Lab Notes: The chilling science behind a warming shot
Single malt whisky is one of the finer fruits of fermentation science. At this time of year particularly, there is nothing like the sensory pleasure of feeling the aromatic flavours of a Scotch malt as it rolls around the palate – sending warm tingles down the chilliest of winter spines.
There are many alcoholic drinks made from the chemical waste products of a microbial yeast, but the sheer variety of Scotch whisky flavours is an elegant tribute to the wonders of natural fermentation and the powers of gentle ageing in a wooden cask.
Why then would we ever want to interfere with what nature can offer in terms of taste? This is at the heart of an on-going debate within the finer fringes of whisky-drinking circles over the question of whether single malt whiskies should be "chill filtered" before they are bottled.

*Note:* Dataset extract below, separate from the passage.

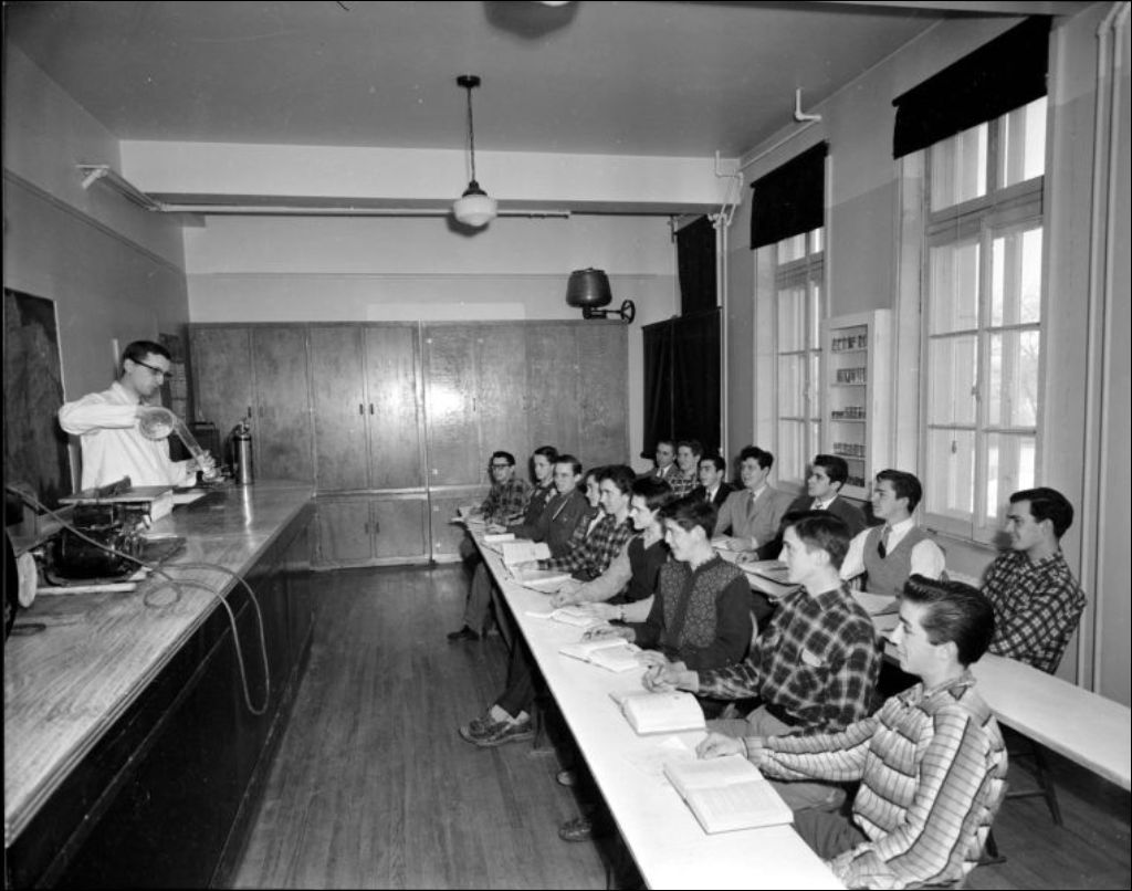 Salle de cours et étudiants de l'École de l'agriculture, Saint-Rémi en Montérégie, [195-?], Archives nationales à Montréal, Fonds Ministère de la Culture et des Communications, (06M,E6,S7,SS1,D221981-221985), Joseph Guibord.

Chill filtering is a process introduced relatively recently – primarily in the 1970s – to rid unwanted chemicals in the whisky. These substances, polyphenols such as fatty esters and aldehydes, cause the unfiltered whisky to go cloudy when ice or water are added, or if the whisky bottle is kept at a cold-enough temperature.
The cloudiness does not affect flavour, indeed many would say it enhances it, but it was considered to interfere with the aesthetics of presentation, particularly in countries where ice is routinely added to whisky.
Whisky makers got round the "problem" by cooling the whisky to about 2C prior to bottling and running the liquid slowly through a series of filters to take out the offending cloudy clumps of polyphenols. It was a triumph of marketing over taste because many of these organic chemicals actually imparted their own aroma and flavour.
"What chill filtration really does is make whisky pretty. It makes it more appealing on the shelf," says Ian MacMillan, the master blender of Burn Stewart Distillers, which owns the Tobermory Distillery on the Isle of Mull.
"It's a cosmetic thing, but these compounds have been there since the whisky was distilled and they evolve over the years of maturation, creating aroma and flavour profiles. Why would you want to remove these?" MacMillan asks.
Why indeed. It was for this reason that Burn Stewart Distillers decided to rid chill filtration from its entire range of malts, which includes the briny-tasting Ledaig from the same Tobermory Distillery that produces the smoother malt of the same name, and the 12-year-old Bunnahabhain whisky, made on the island of Islay.
Having tried both the un-chill filtered Tobermory and the Ledaig, I can attest to their superb quality, although I cannot vouch on how much better they are compared to their chill-filtered counterparts, not having comparison "control" samples to hand.
However, MacMillan's judgement is unequivocal. "There is more of a depth, they are more complex and aromatic than when they've gone through the chill filtration process.
"Tasting them side by side you would certainly pick up more intensity on the nose. On the mouth feel, there is also more depth. It has more layers to the whisky and it adds to the length as it stays on the palate. It has a better aromatic feel and flavour," he adds.
There are a few other un-chill filtered malt whiskies, such as Bruichladdich and the 10-year-old Ardbeg – and the Gaelic whisky Te Bheag can apparently be bought in chill filtered and un-chill filtered versions. But no whisky manufacturer, as far as I know, has quite gone as far as Burn Stewart Distillers and abolished the practice from across its entire range of single malts.
It's a bold move in the conservative world of Scotch whisky making. But it's a triumph of taste over the banalities of appearance.